For the purpose of this problem, two equal strings nearby do not break the condition of sequence being sorted lexicographically.
Input
The first line of the input contains a single integer n (2 ≤ n ≤ 100 000) — the number of strings.
The second line contains n integers ci (0 ≤ ci ≤ 109), the i-th of them is equal to the amount of energy Vasiliy has to spent in order to reverse the i-th string.

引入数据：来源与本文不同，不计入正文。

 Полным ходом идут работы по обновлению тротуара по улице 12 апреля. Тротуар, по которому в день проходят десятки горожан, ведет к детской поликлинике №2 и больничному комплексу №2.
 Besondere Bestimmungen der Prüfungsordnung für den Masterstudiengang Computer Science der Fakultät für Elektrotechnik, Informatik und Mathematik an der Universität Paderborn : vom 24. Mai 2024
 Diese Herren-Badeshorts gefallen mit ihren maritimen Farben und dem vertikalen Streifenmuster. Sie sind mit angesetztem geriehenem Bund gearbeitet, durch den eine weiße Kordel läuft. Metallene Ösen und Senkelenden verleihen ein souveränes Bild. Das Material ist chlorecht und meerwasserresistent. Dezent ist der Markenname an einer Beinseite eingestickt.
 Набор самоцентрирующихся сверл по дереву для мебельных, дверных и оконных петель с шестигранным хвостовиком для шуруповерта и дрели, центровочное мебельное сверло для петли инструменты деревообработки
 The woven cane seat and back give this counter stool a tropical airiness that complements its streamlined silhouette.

Then follow n lines, each containing a string consisting of lowercase English letters. The total length of these strings doesn't exceed 100 000.
Output
If it is impossible to reverse some of the strings such that they will be located in lexicographical order, print - 1. Otherwise, print the minimum total amount of energy Vasiliy has to spent.
Examples
Input
2
1 2
ba
ac
Output
1
Input
3
1 3 1
aa
ba
ac
Output
1
Input
2
5 5
bbb
aaa
Output
-1
Input
2
3 3
aaa
aa
Output
-1
Note
In the second sample one has to reverse string 2 or string 3. To amount of energy required to reverse the string 3 is smaller.

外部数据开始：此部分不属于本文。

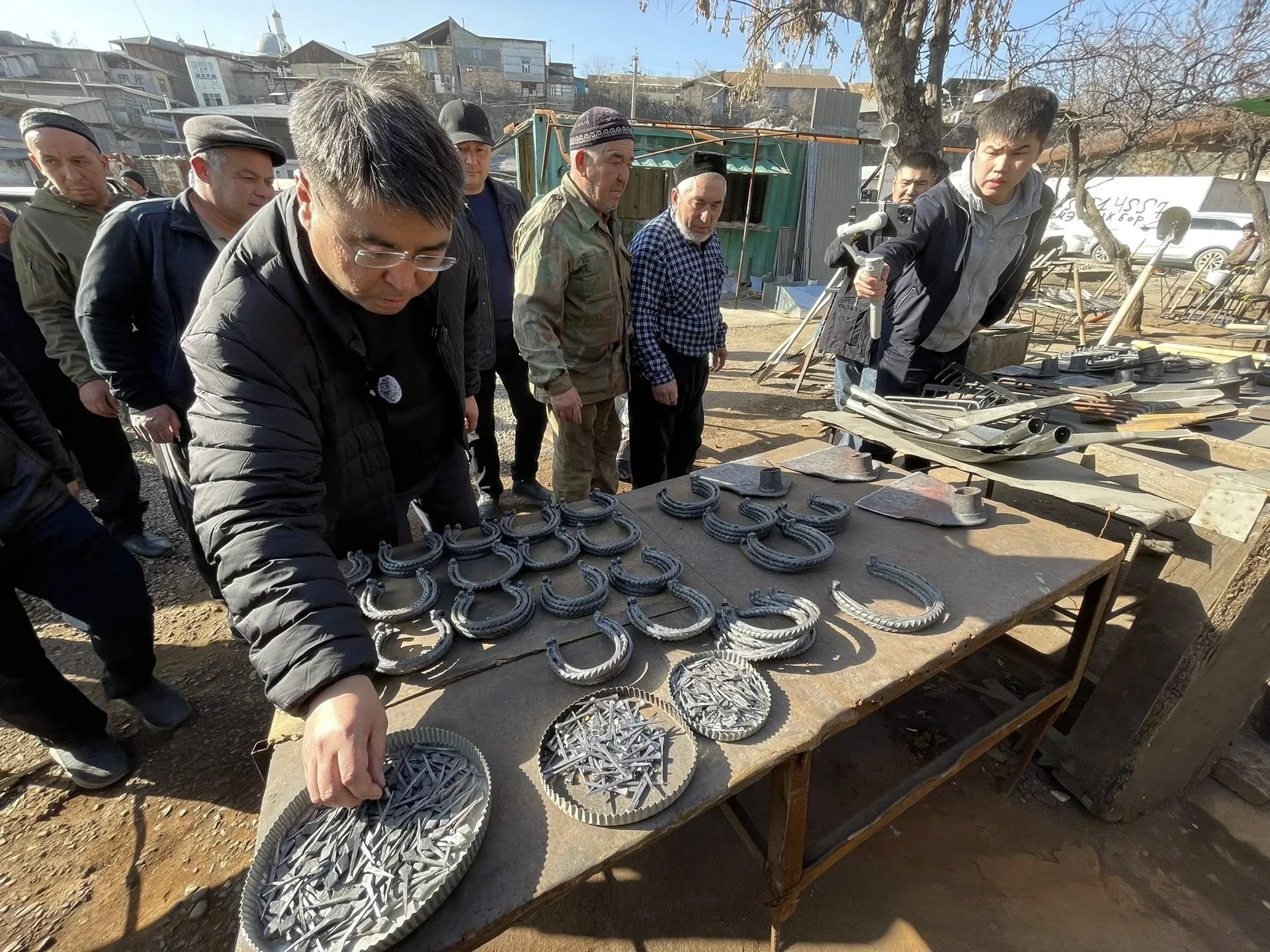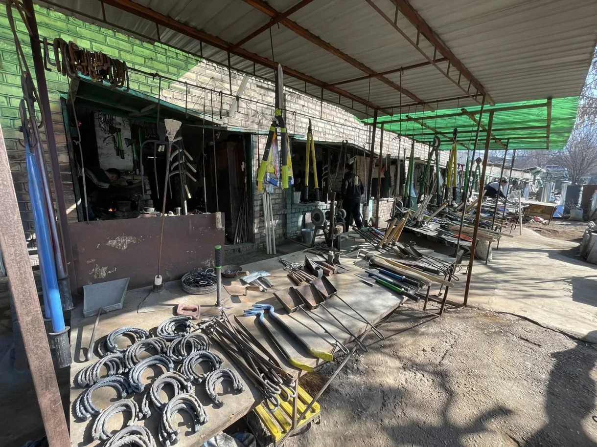 During his tour of the old market in Osh, Mayor Janar Akaev held a meeting with local blacksmiths.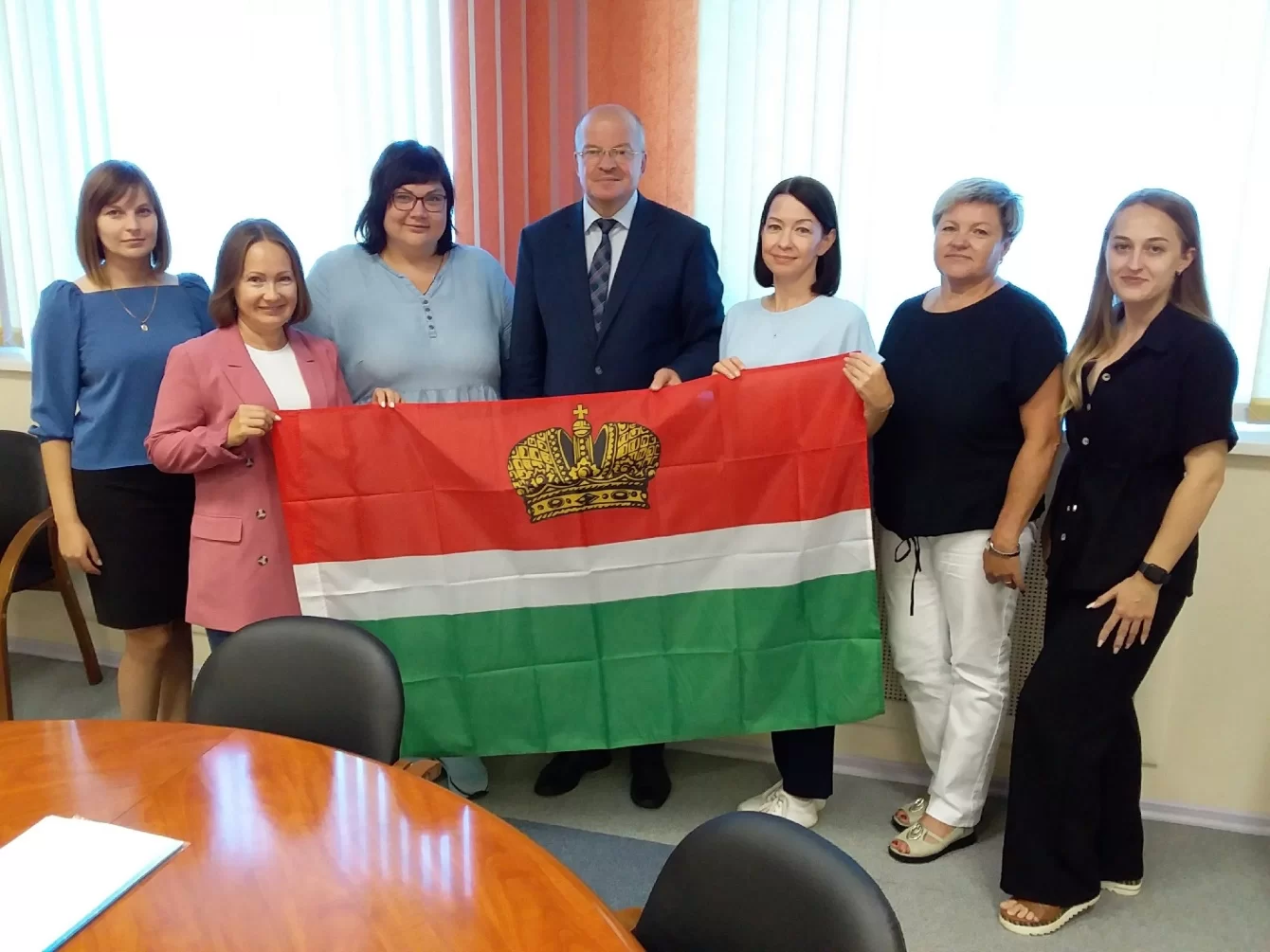 В конце встречи Александр Аникеев вручил учителям флаг нашего региона как объединяющий символ педагогической команды, которая поедет на Всероссийский форум классных руководителей.

In the third sample, both strings do not change after reverse and they go in the wrong order, so the answer is - 1.
In the fourth sample, both strings consists of characters 'a' only, but in the sorted order string "aa" should go before string "aaa", thus the answer is - 1.
题目大意:
题意1:给出n个字符串(n<1e5,且字符串总长度<1e5),可以颠倒任意一个字符串但是不能交换字符串的顺序,颠倒每个字符串都有其对应的花费ci。现需要经过一系列操作满足字符串按照字典序排列,如果能的话输出最小花费,不能输出-1。

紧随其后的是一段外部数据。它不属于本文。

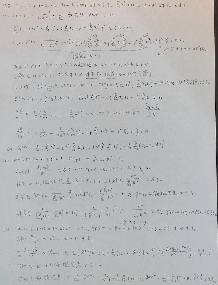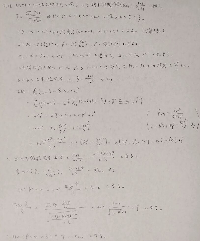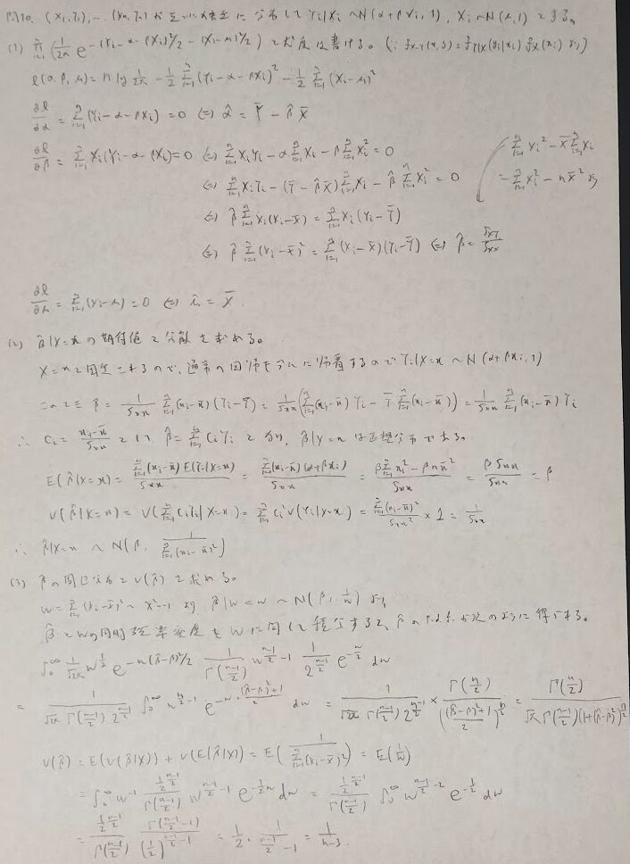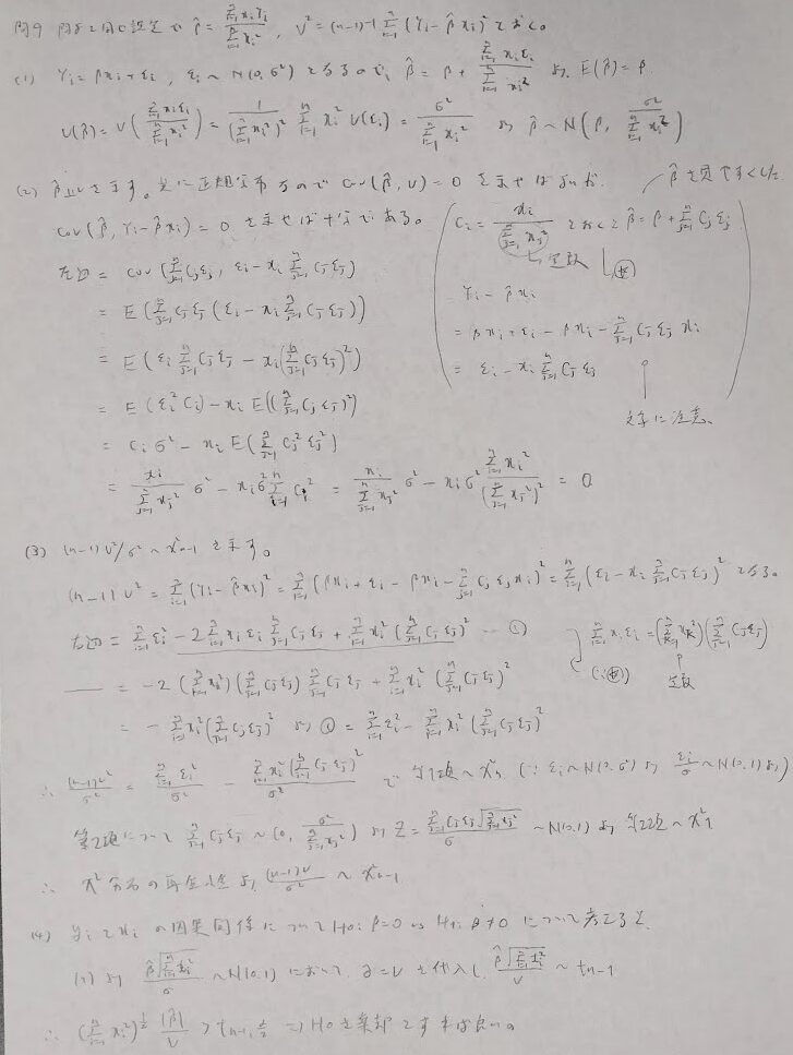 ポイントは(2)で置き換えること、そして(3)でカイ2乗分布の再生性を使おうとする意欲です。非常に難易度が高い問題ですが、とても良い問題だと思います。僕はこの1問を解くだけで2時間使いました。
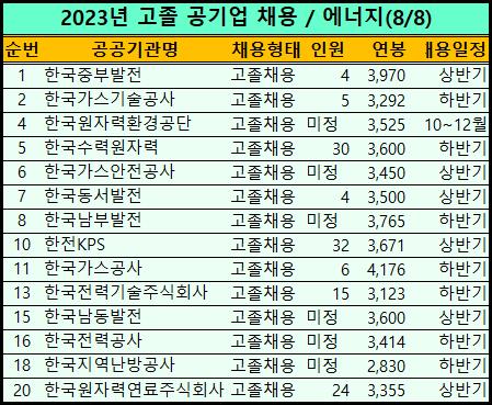 2023년 공기업 고졸 채용일정을 표로 만들었습니다.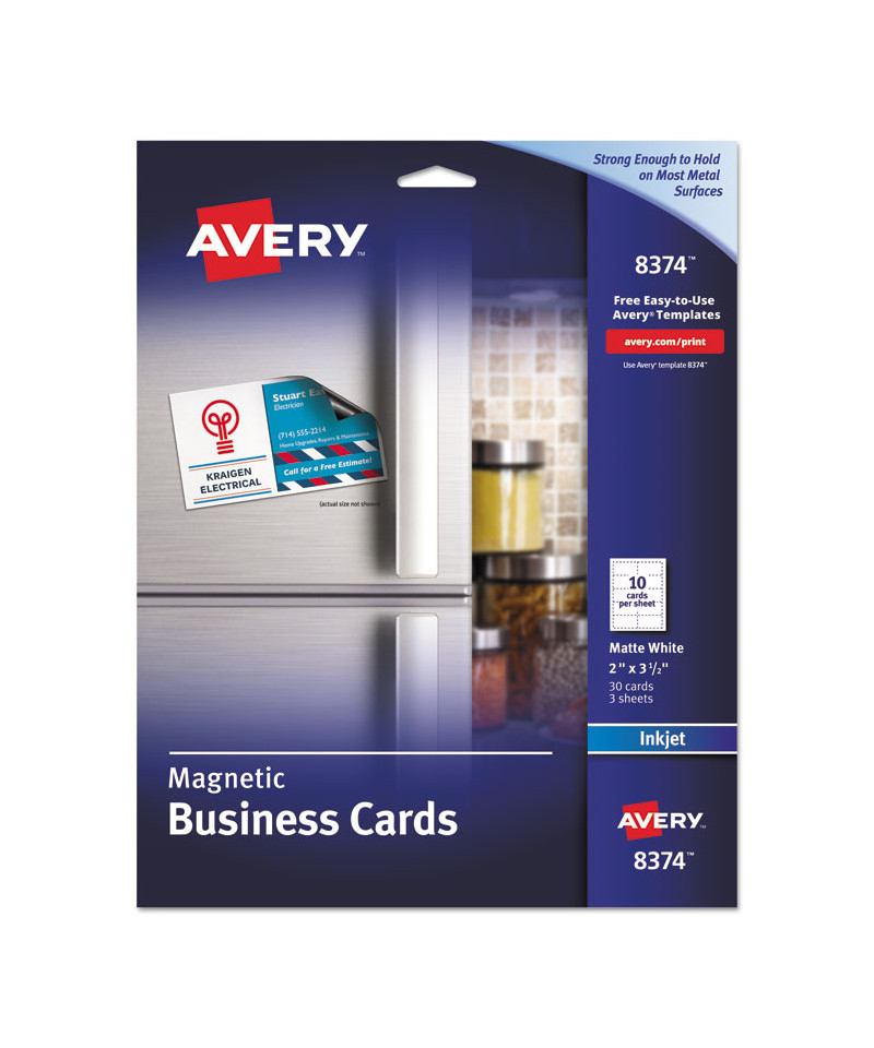 Want a business card with a little positive attraction? These Magnetic Business Cards are specially coated for sharp text and vivid colors and are precut for easy separation. They easily stick to most metal surfaces to keep them displayed and on people's minds. And with free templates from Avery Design & Print, you can customize the cards with outstanding text and graphics and then print them on your inkjet printer in minutes. Finally, a business card that really magnetizes. Convenient do-it-yourself cards mean that you can make changes and print new cards at a moment's notice.

题意2:现在有 n 个由小写字母组成的字符串。他想要让这些字符串按字典序排列,但是他不能交换任意两个字符串。他唯一能做的事是翻转字符串。翻转第 i 个字符串需要花费 ci 的能量。他想知道将所有字符串排序最少要多少能量。两个相邻的字符串可以相等,不一定要严格递增。如果不可能有序,输出 - 1。否则输出最小所需的能量。
解题报告:
其实在封装好的string类中,是重载了>=等一系列运算符的,,而且这题不知道每个字符的长度,显然是需要用string的。不难发现,如果两个字符串s,ss满足字典序,s >= ss 就可以了。又因为这题不能交换字符串不难想到可以dp求解、、然后乱搞一下就好了。。
AC代码:
#include<cstdio>
#include<iostream>
#include<algorithm>
#include<queue>
#include<map>
#include<vector>
#include<set>
#include<string>
#include<cmath>
#include<cstring>
#define ll long long
#define pb push_back
#define pm make_pair
#define fi first
#define se second
using namespace std;
const int MAX = 200000 + 5;
const ll INF=0x3f3f3f3f3f3f3f3f;
ll c[MAX];
string a[MAX],b[MAX];
ll dp[MAX][2];
int main()
{
int n,flag = 1;
cin>>n;
for(int i = 1; i<=n; i++) scanf("%lld",c+i);
for(int i = 1; i<=n; i++) {
cin>>a[i];
b[i] = a[i];
reverse(b[i].begin(),b[i].end());
}
memset(dp,0x3f3f,sizeof dp);
dp[1][0]=0;
dp[1][1]=c[1];
for(int i = 2; i<=n; i++) {
if(a[i]>=a[i-1]) dp[i][0]=dp[i-1][0];
if(b[i]>=a[i-1]) dp[i][1]=dp[i-1][0]+c[i];
if(a[i]>=b[i-1]) dp[i][0]=min(dp[i][0],dp[i-1][1]);
if(b[i]>=b[i-1]) dp[i][1]=min(dp[i][1],dp[i-1][1]+c[i]);
if(dp[i][1]==INF && dp[i][0]==INF) {
flag=0;break;
}
}
if(flag) printf("%lld\n",min(dp[n][0],dp[n][1]));
else printf("-1\n");
return 0;
}总结: 然后这题,初始化的时候用INF啊,别用-1标记非法状态,,不然还得分一堆情况,因为你有取min的操作啊!!